İkinci isimse tabi ki Marquis de Sade. Sadizmin kurucusu olan bu abimizin meşhur Justine'si de filmdeki Justine'yi var eden noktalardan biri gibi geldi bendenize. Hatta Sade'nin Justine isminde eseri veya yazdığı karakteri olmasaydı bile temellerini attığı sadizm dolayısıyla illa anımsanırdı, bu karakterden sonra. Zira filmde, melankoliden muzdarip olan Justine, Sade'nin Justine'sinin yaşadıklarından sonraki haline çok uygun. Hayattan yediği seri ve de şiddetli tekme tokatlardan sonra tüm dünyaya küsmüş, ağzının tadı kalmamış, gam denilen şey evinden fersahlarca ıraksamış; bunun sonucunda da sadizmle karışık bir melankoli kazanmış. Sanki Sade'nin bıraktığı yerden Trier devam etmiş karaktere. Filmde birçok sahne, buna ispat olarak gösterilebilir. Örneğin filmdeki Justine, düğün töreninin yapılacağı -ablası, eniştesi ve kendisinin yaşadığı malikanedeki- salona geç gelmesine rağmen, daha da geç kalmayı göze alıyor, daha açık ifade edersek, uzunca süre beklettiği konukları daha da bekletmeyi göze alıyor ve gidip çok sevdiği atına bir öpücük konduruyor. Ve bu kadar çok sevdiği, görmeden evlenemediği atını sırf söylediği basit bir şeyi yapmadığı için dövebiliyor. Masum bir melankoliden çok daha fazlası olunca insanın içine kurt düşmüyor değil tabii :)

Trier bütün bunların ışığında filmdeki karakter örgüsünü, Lawrence Durrell'in Justine'sini Sade'nin genel fikriyatıyla birleştirip üstüne bir de yine Sade'nin Erdemin Felaketleri eserindeki kardeş zıtlığını taçlandırmasıyla oluşturmuş gibi gözüküyor. Zira filmin ikinci bölümünün üzerine kurulduğu Claire karakteri, tam manasıyla Justine zıtlığıyla resmediliyor film boyunca. Claier'e girmeyeceğim ama tam manasıyla Justine'nin zıttı demiş olayım. İlk yarı boyunca başımızın üstünde taşımak için birbirimizle kıyasıya mücadele edeceğimiz Claire, ikinci yani kendine özel bölümde, Niagara Şelalesi'nde sırası gelen su zerrelerini bile yaya bırakacak kadar hızlı düşüyor gözümüzden. Kısacası, bakınız Erdemin Felaketleri'ndeki Justine ve ablası zıtlığı.

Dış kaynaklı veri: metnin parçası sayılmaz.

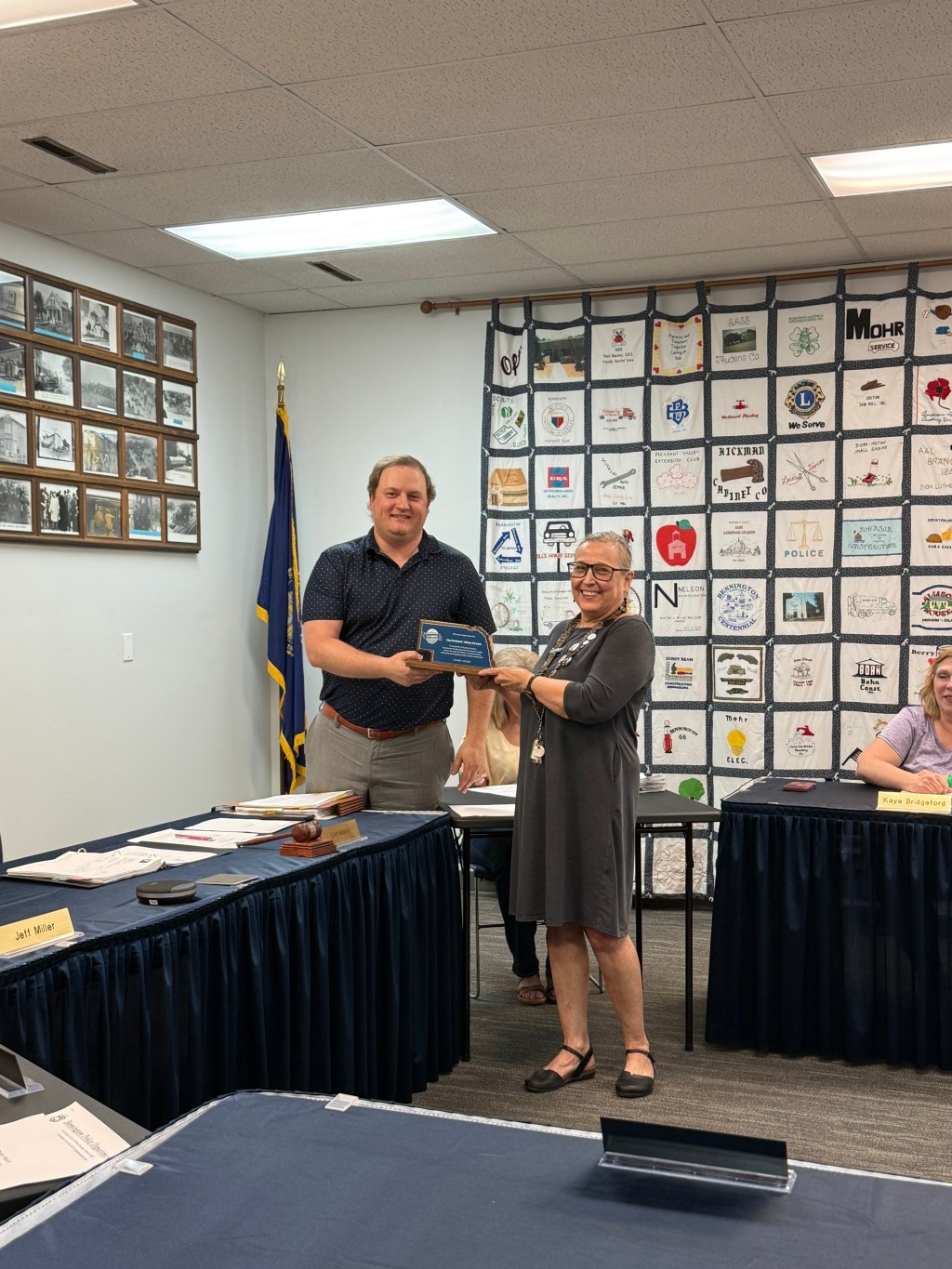 The library report noted the ongoing art contest display (in partnership with the Bennington Women’s Club), upcoming return of state-level entries, and heavy use of the conference room: 291 times by outside groups and over 300 times for library programs last year. Plans for potential expansion into former public works bays are underway.

Bu genel girişten sonra yapmanız gereken tek şey, havada uçuşan bu tip atıf ve metaforları yakalamak. Filmden haz alıp almamanız arasındaki ince çizgi tamamen burada yatıyor sanırım. O metaforlardan birazını ıskalarsanız çok renksiz bir film diye etiketlememeniz pek de mümkün gözükmüyor bu yapımı.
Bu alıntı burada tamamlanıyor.